Рутан Гудд не хотел становиться капитаном, ведь это привлекает ненужное внимание окружающих. Будь на то его воля, он бы с радостью провел всю жизнь, ни с кем не общаясь. Ну разве что с женщинами изредка. Рутан подумывал – и в последнее время все чаще – дезертировать. Останься он обычным пехотинцем, никто бы его не хватился, а вот пропавшего офицера станут разыскивать, причем с магами. Не хватало еще, чтобы какой-нибудь колдун вынюхивал, где он. Конечно, Тавор не задержит марш ради него, но с нее станется послать одного-двух магов на поиски.
Кулак Блистиг наверняка репетировал, какими словами будет крыть Рутана, когда тот наконец объявится.
Быть незаметным в армии нетрудно, даже офицеру, – при обычных обстоятельствах, конечно. Никуда не вызывайся, ничего не предлагай, на совещаниях стой в стороне, а лучше вообще на них не ходи. В большинстве иерархий наличие бесполезных офицеров принималось как данность, равно как и наличие на поле боя бесполезных солдат.
Рутан Гудд безоговорочно причислял себя к бесполезным семи сотням; он бы точно стоял и смотрел, не знал бы, что ему делать, или побежал при первых звуках боя. Впрочем, до сих пор шанса попробовать что-нибудь из этого ему не выпадало. Он сражался не так много, но каждый раз бился как бешеный волк, лишь бы выжить. Нет ничего хуже, чем когда на тебя обращают внимание с целью убить: вот чужак выделяет тебя из толпы и…
Капитан тряхнул головой, прогоняя это ощущение. Впереди маячили северные ворота.
Здравствуй, армия. Прощай, мягкая постель и бархатистая, но непривычно холодная женская кожа; прощайте, достойные (хоть и немного терпкие) летерийские вина.

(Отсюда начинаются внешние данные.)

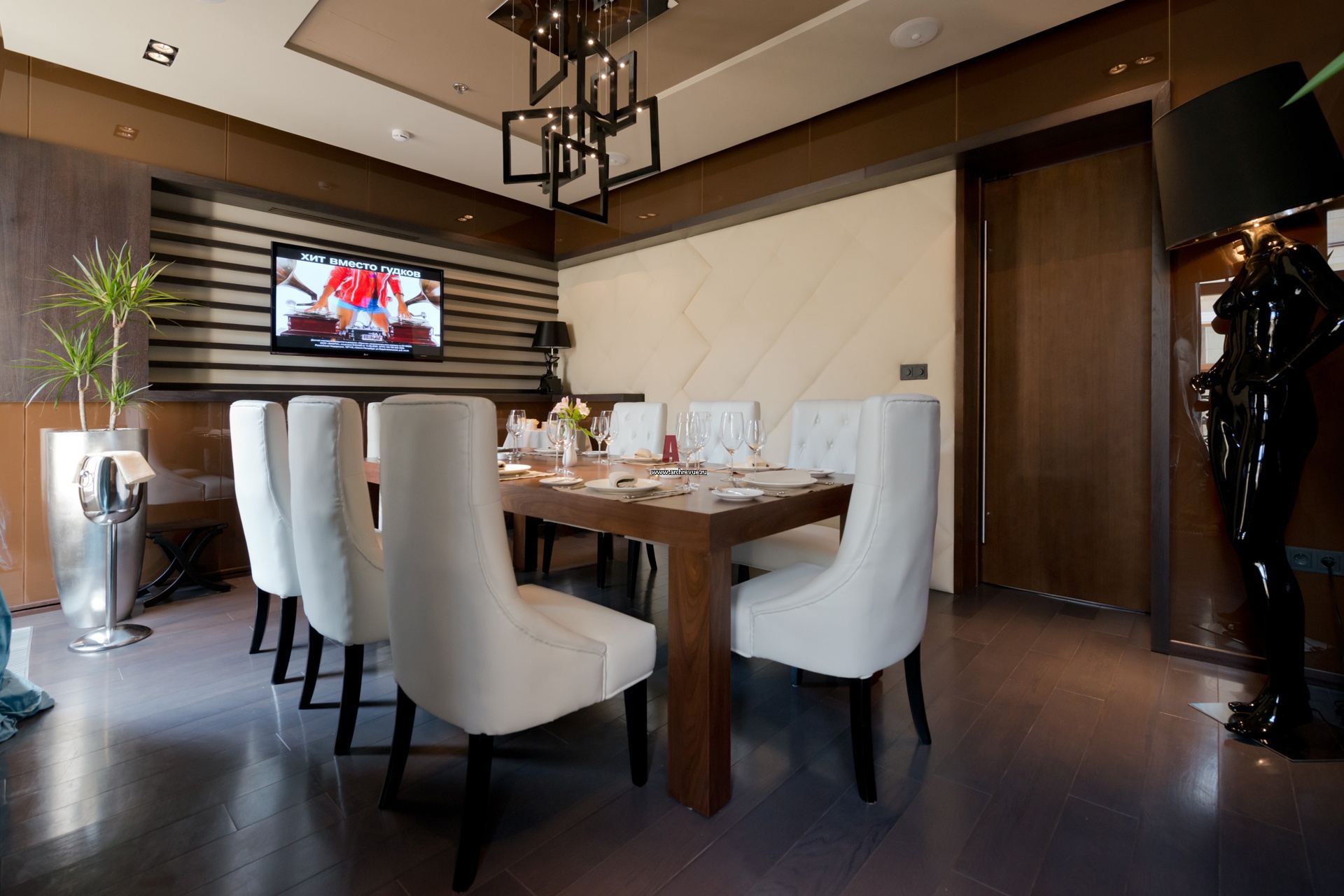 По периметру помещение VIP-зала отделано карнизом и панелями из глянцевого дерева. Центральная стена выполнена из белой кожи.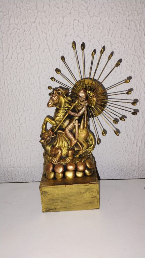 Explore imagens que revelam a criatividade e o cuidado em cada obra artesanal do nosso ateliê sustentável. Aqui você irá encontrar algumas das nossas obras que representa alguns santos católicos.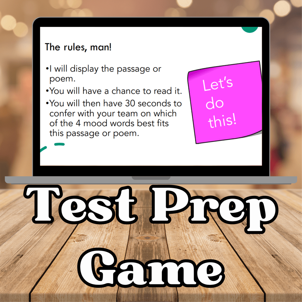 Speaking of games, here is another test prep thing that I LOVE doing where I turn guessing the Mood of a passage into a team competition!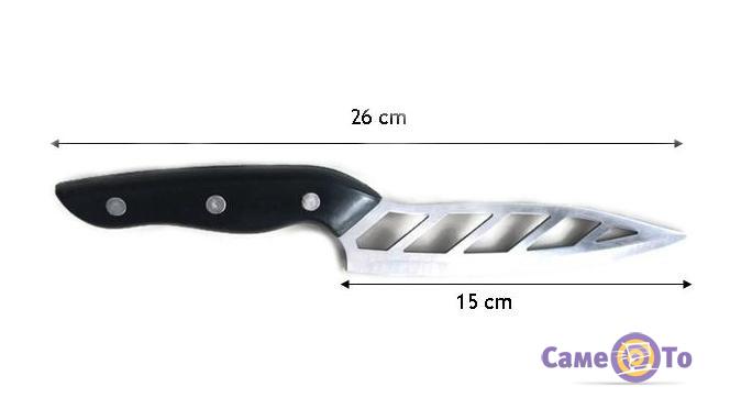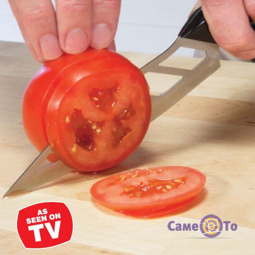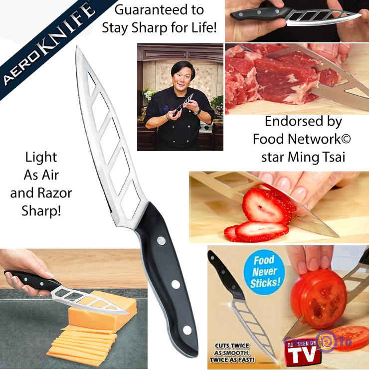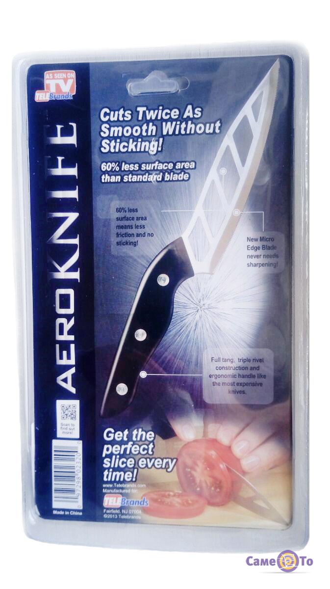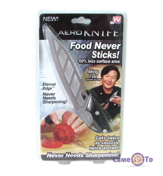 Ніж Aeroknife має іншу поверхню леза, яка більше ніж в половину менша, ніж у стандартних ножів. А все завдяки тому, що на лезі є спеціальні отвори, розташовані уздовж всієї його довжини. Це величезний плюс, адже така структура леза не дозволяє їжі прилипати до нього під час різання, і скибочки продуктів виходять рівними і однаковими за лічені секунди. Аероніж має зручну рукоятку ергономічної форми, що комфортно лежить в руці і не ковзає навіть в мокрій долоні. Варто також відзначити, що даний аероніж справляється з нарізкою навіть самих складних для нарізання продуктів, таких як свіжа випічка або теплий хліб, м'який і плавлений сир, м'ясне філе і т.д.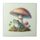 Frog Under a Mushroom Cute Nature Ceramic Tile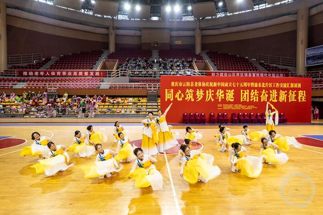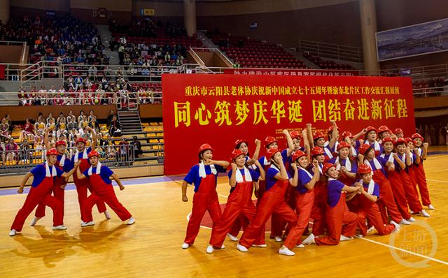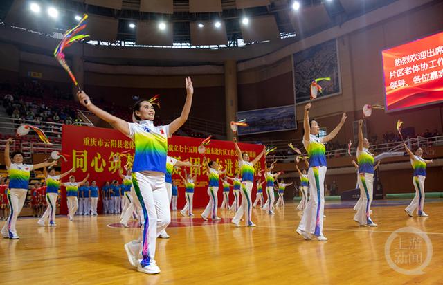 青松不老涌豪情,晚菊傲霜扬风采。10月12日,云阳县老体协庆祝新中国成立七十五周年暨渝东北片区老年体育工作交流汇报展演活动在云阳体育馆举行,云阳千余名中老年人展风采。来自万州区、开州区、梁平区、忠县等渝东北片区的老体协相关负责人出席。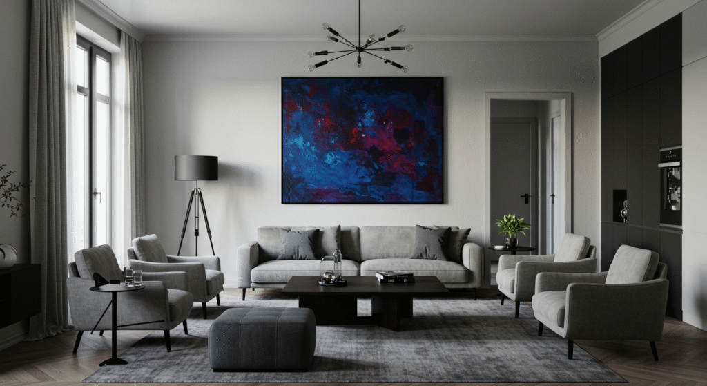 L’art est un moyen élégant de dynamiser un espace gris.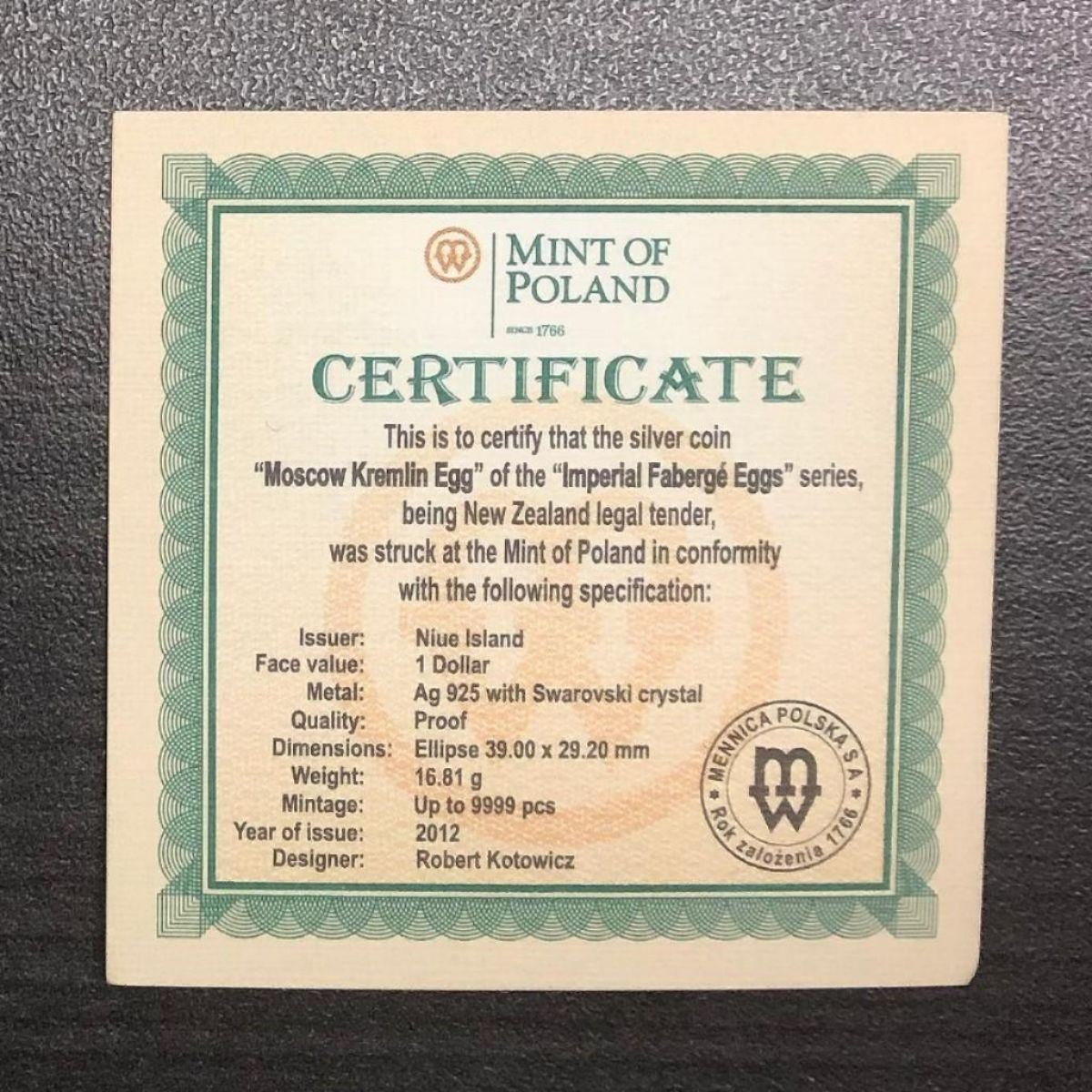 Imperial Faberge Eggs are a magnificent series of minted works by Carl Peter Faberge and his assistants. Thanks to the exuberance, intricacy and splendor of decoration, Faberge Eggs have gained a huge popularity as jewelry masterpieces. Now, struck in .925 proof silver, they are sure to become an extravagant and luxurious addition to any modern coin collection. On the obverse of this silver Faberge coin, there is the image of the open Spring Flowers Egg with a miniature basket of wood anemones inside. The portrait of Queen Elizabeth II is surrounded by the florid ornament with the legends indicating the face value of the Niue coin, its issuing country and year. The beautifully crafted reverse features the Moscow Kremlin Egg (1904) considered to be the tallest and most ambitious of the Imperial Easter eggs. Created in minute detail, it represents the Uspensky Cathedral where Russian tsars were crowned. Imperial Faberge Eggs got their name due to the fact that they were made for Alexander III and Nicholas II of Russia. The reverse image is embellished with a colored Swarovski crystal to fully express the finesse and magnificence of the original Moscow Kremlin Egg. The coin has been issued with the limited mintage of 9999 pieces worldwide, so don’t miss the opportunity to own the silver masterpiece by Niue! - All items may be shipped or picked up locally within one week of sale. We will provide shipping estimates to the winning bidders or winning bidders may arrange their own shipping.

Конец сладкой неге и праздности! Снова быть Рутану в центре внимания, и ничего с этим не поделаешь.
Рутан Гудд почесал голову, напоминая себе о том, что носит ныне чужое лицо.
Место жертвоприношений носило отпечаток разрухи. Упадка. Находиться здесь было мучением, но выбора у Ублалы Панга не было. Сиплый голос Старого Деда Эрбата поселился у него в голове, гонялся за ним, и даже в таком большом черепе не находилось уголка, чтобы укрыться от мертвого старика.
– Я сделал, как ты сказал, – произнес Ублала. – Оставь меня в покое. Мне нужно на корабль. У меня и Шурк там будет секс. А ты просто ревнуешь.
Больше на кладбище не было ни одной живой души. Им вообще больше не пользовались с тех пор, как оно кусками стало проваливаться. Гробницы кренились, проседали и ломались. Огромные каменные урны опрокидывались. Молнии били в деревья, а клубы болотного газа парили наподобие светящихся голов. Кости выступали из земли, как камни на неухоженном поле. Ублала подобрал первую попавшуюся – как оказалось, бедренную, – чтобы было что повертеть в руках в ожидании призрака Эрбата.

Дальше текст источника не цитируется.